LAS VEGAS--(BUSINESS WIRE)--Ault Global Holdings, Inc. (NYSE American: DPW), a diversified holding company (the “Company”), announced today that its wholly owned subsidiary, Digital Power Lending, LLC (“DPL”), has entered into a securities purchase agreement with Alzamend Neuro, Inc. (“Alzamend”), a related party, to invest $10,000,000 in Alzamend common stock and warrants, subject to the achievement of certain milestones. The Company agreed to fund $4,000,000 upon execution of the securities purchase agreement and to fund the balance upon Alzamend achieving certain milestones related to the U.S. Food and Drug Administration approval of Alzamend’s Investigational New Drug application and Phase 1a human clinical trials for Alzamend’s lithium based ionic cocrystal therapy, known as AL001. Under the securities purchase agreement, Alzamend has agreed to sell up to 6,666,667 shares of its common stock to DPL for $10,000,000, or $1.50 per share, and issue to DPL warrants to acquire up to 3,333,334 shares of Alzamend common stock with an exercise price of $3.00 per share. The transaction was approved by the Company’s independent directors after receiving a third-party valuation report of Alzamend.
Alzamend is an early stage biopharmaceutical company focused on developing novel products for the treatment of neurodegenerative diseases and psychiatric disorders. Alzamend currently has two product candidates, aiming to bring treatments or cures for Alzheimer’s disease and other neurodegenerative diseases and psychiatric disorders to market at a reasonable cost as quickly as possible. On December 30, 2020, the Company announced that Alzamend had confidentially submitted a draft registration statement on Form S-1 with the Securities and Exchange Commission. The public offering is expected to commence after the SEC completes its review process, subject to market and other conditions.
“Our Company is proud to support Alzamend in it development and testing of treatments and cures for Alzheimer’s disease,” said Milton “Todd” Ault, III, the Company’s Executive Chairman. “We believe that strong support of research is the foundation for true innovation. Alzamend is currently working to transition two therapeutics targeting Alzheimer’s disease from the preclinical stage at the University of South Florida into the clinical stage and towards full commercialization. Alzamend has licensed both a patented mutant-peptide immunotherapeutic (“AL002”) for use as a treatment or vaccine and a lithium based ionic cocrystal therapy (“AL001”) that we believe may greatly reduce or eliminate the symptoms of agitation and other endpoints for mild to moderate stage patients diagnosed with Alzheimer’s.

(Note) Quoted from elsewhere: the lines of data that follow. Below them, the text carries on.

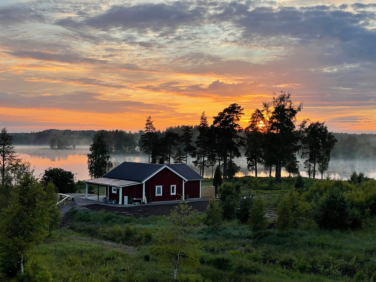 Relájate en esta acogedora casa junto al lago en nuestro pequeño Sjöstuga. Disfruta del patio orientado al sur, donde encontrarás una mesa y sillas, tumbonas ajustables y un cómodo sofá esquinero. Puedes usar el muelle de natación, donde hay una escalera para nadar. Hay un bote de remos disponible para su uso. La carretera y el ferrocarril están cerca, pero no causan molestias significativas; sin embargo, tampoco es un lugar completamente tranquilo durante el día. La casa de campo está ubicada en una parcela ajardinada, pero sigue estando separada del edificio principal, donde viven dos jubilados y un perro. ¡Te damos la bienvenida a este paraíso rural!
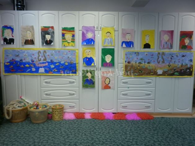 Ще діти на додаткових заняттях з малювання намалювали портрети наших татусів. І всю цю красу ми повісили в музичному залі, перед святом, де наші тата змогли помилуватися роботами своїх дітей.
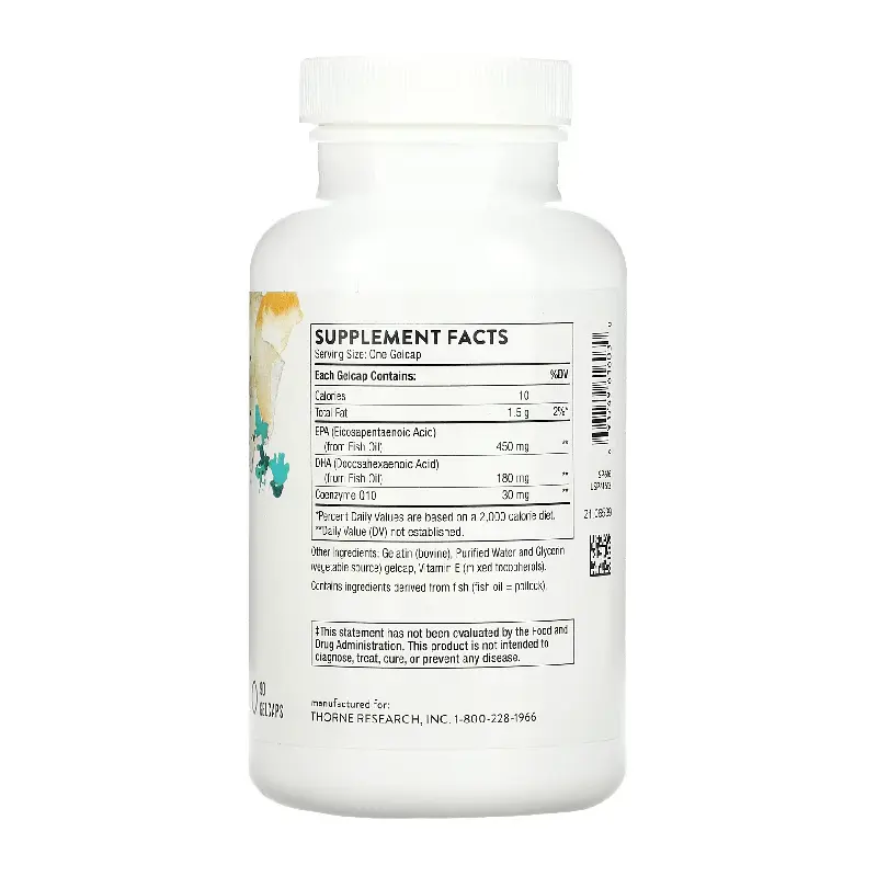 Omega-3 с коэнзимом Q10 сочетает эйкозапентаеновую и докозагексаеновую кислоты из рыбьего жира с антиоксидантом и способствующим производству энергии коэнзимом Q10, что способствует здоровью сердца, кровеносных сосудов и мозга.

While there is currently no cure, prevention, or treatment to slow the progression of Alzheimer’s disease, if AL001 and AL002 prove safe and efficacious, we believe that we can change that.”

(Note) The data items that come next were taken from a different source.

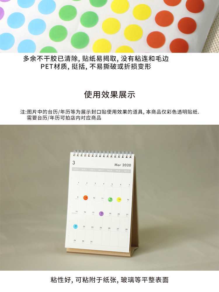 Venta al por mayor color transparente pegatina de punto ins Diario calendario Marca etiqueta color sólido simple decoración de tarjeta fotográfica
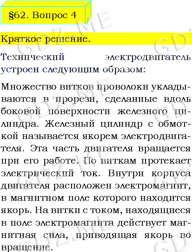 Подробный вариант решения из решебника (ГДЗ): Задание номер 4 (§62. Действие магнитного поля на проводник с током. Электрический двигатель. Вопросы) по предмету Физика, за 8 класс, авторы учебника Пёрышкин А.В..
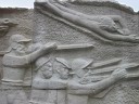 1948: "Schlachtdenkmal sowie Eingangsfiguren zur Klosterkirche", vor den Kloster beim Bahnhof, Dornach, CH, Gesamtversion (Sehr groß! Länge = 22 m) In 2 Teilversionen: |
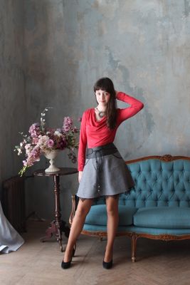 юбка с кокеткой из кожи

For more information on Ault Global Holdings and its subsidiaries, the Company recommends that stockholders, investors and any other interested parties read the Company’s public filings and press releases available under the Investor Relations section at www.AultGlobal.com or available at www.sec.gov.
About Ault Global Holdings, Inc.
Ault Global Holdings, Inc. is a diversified holding company pursuing growth by acquiring undervalued businesses and disruptive technologies with a global impact. Through its wholly and majority-owned subsidiaries and strategic investments, the Company provides mission-critical products that support a diverse range of industries, including defense/aerospace, industrial, automotive, telecommunications, medical/biopharma, and textiles. In addition, the Company extends credit to select entrepreneurial businesses through a licensed lending subsidiary. Ault Global Holding’s headquarters are located at 11411 Southern Highlands Parkway, Suite 240, Las Vegas, NV 89141; www.AultGlobal.com.

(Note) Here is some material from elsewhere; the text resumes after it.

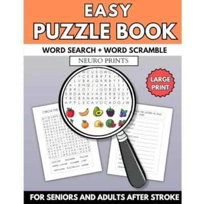 Easy Puzzle Book For Seniors And Adults After Stroke: The Ultimate Large Print Activity With Variety Brain Games, Word Search & Scramble
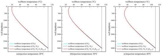 The temperature distribution of the fluid in the tubing with three kinds of CO2 components at different injection temperatures: (a) the temperature distribution of the fluid in the tubing with three kinds of CO2 components at an injection temperature of 20 °C; (b) the temperature distribution of the fluid in the tubing with three kinds of CO2 components at an injection temperature of 30 °C; (c) the temperature distribution of the fluid in the tubing with three kinds of CO2 components at an injection temperature of 40 °C.

Forward-Looking Statements
This press release contains “forward looking statements” within the meaning of Section 27A of the Securities Act of 1933, as amended, and Section 21E of the Securities Exchange Act of 1934, as amended. These forward-looking statements generally include statements that are predictive in nature and depend upon or refer to future events or conditions, and include words such as “believes,” “plans,” “anticipates,” “projects,” “estimates,” “expects,” “intends,” “strategy,” “future,” “opportunity,” “may,” “will,” “should,” “could,” “potential,” or similar expressions. Statements that are not historical facts are forward-looking statements. Forward-looking statements are based on current beliefs and assumptions that are subject to risks and uncertainties. Forward-looking statements speak only as of the date they are made, and the Company undertakes no obligation to update any of them publicly in light of new information or future events. Actual results could differ materially from those contained in any forward-looking statement as a result of various factors. More information, including potential risk factors, that could affect the Company’s business and financial results are included in the Company’s filings with the U.S. Securities and Exchange Commission, including, but not limited to, the Company’s Forms 10-K, 10-Q and 8-K. All filings are available at www.sec.gov and on the Company’s website at www.AultGlobal.com.